Bass, Berry & Sims attorney Chris Lazarini provided insight on a case questioning how a broad exclusionary clause in an insurance contract is interpreted and applied. The court ruled that an insurance contract containing broad exclusions is not illusory where it does not completely vitiate all coverage.

Chris provided the analysis for Securities Online Litigation Alert (SOLA). The full text of the analysis is below and used with permission from the publication. If you would like to receive additional content from the SOLA, please visit the SOLA website to sign up for the newsletter.

UBS Financial Services Inc., of Puerto Rico vs. XL Specialty Ins. Co., No. 18-1148 (1st Cir., 7/3/19)

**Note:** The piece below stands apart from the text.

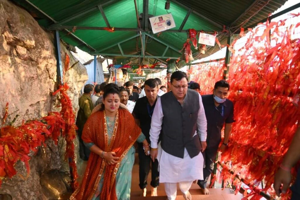 मुख्यमंत्री पुष्कर सिंह धामी ने आज चैत्र नवरात्रि के अवसर पर चंपावत जिले के टनकपुर स्थित माँ पूर्णागिरी मंदिर में दर्शन कर पूजा पाठ की और प्रदेश वासियों की सुख-शांति एवं समृद्धि की कामना की है।
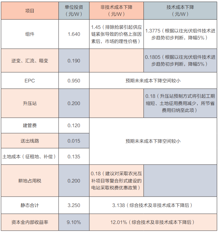 以10萬KW光伏項(xiàng)目可優(yōu)化的造價(jià)空間為例,綜合技術(shù)及非技術(shù)成本后,預(yù)測(cè)單位靜態(tài)投資可下降0.112元/W,資本金內(nèi)部收益率約可提高三個(gè)百分點(diǎn)。

*Under Puerto Rico insurance law, policy terms should be given their common and usual meanings.

**An insurance contract containing broad exclusions is not illusory where it does not completely vitiate all coverage.

Calling it a “clash of industry titans,” the Court considers UBS-PR’s appeal from the district court’s summary judgment award for the Defendant insurance carriers on UBS-PR’s breach of contract action. The underlying facts and the district court’s analysis are described in SOLA Reference No. 2018-09-06.

At issue is the interpretation and application of a broad exclusionary clause in Defendants’ insurance contracts. The exclusion barred coverage of matters arising “in connection with any Claim based on, arising out of, directly or indirectly resulting from, in consequence of, or in any way involving [two Prior Matters] or any fact, circumstance or situation underlying or alleged therein.” The Prior Matters were an SEC investigation and derivative shareholder action both of which alleged UBS-PR used its conflicting status as investment advisor, bond underwriter, and mutual fund manager to manipulate and control the market for its Puerto Rico closed-end mutual funds and Puerto Rico bonds it underwrote. The matters for which the carriers rejected coverage (the “Disputed Matters”) included a second derivative action, a putative class action, new SEC and FINRA investigations, and individual arbitration proceedings.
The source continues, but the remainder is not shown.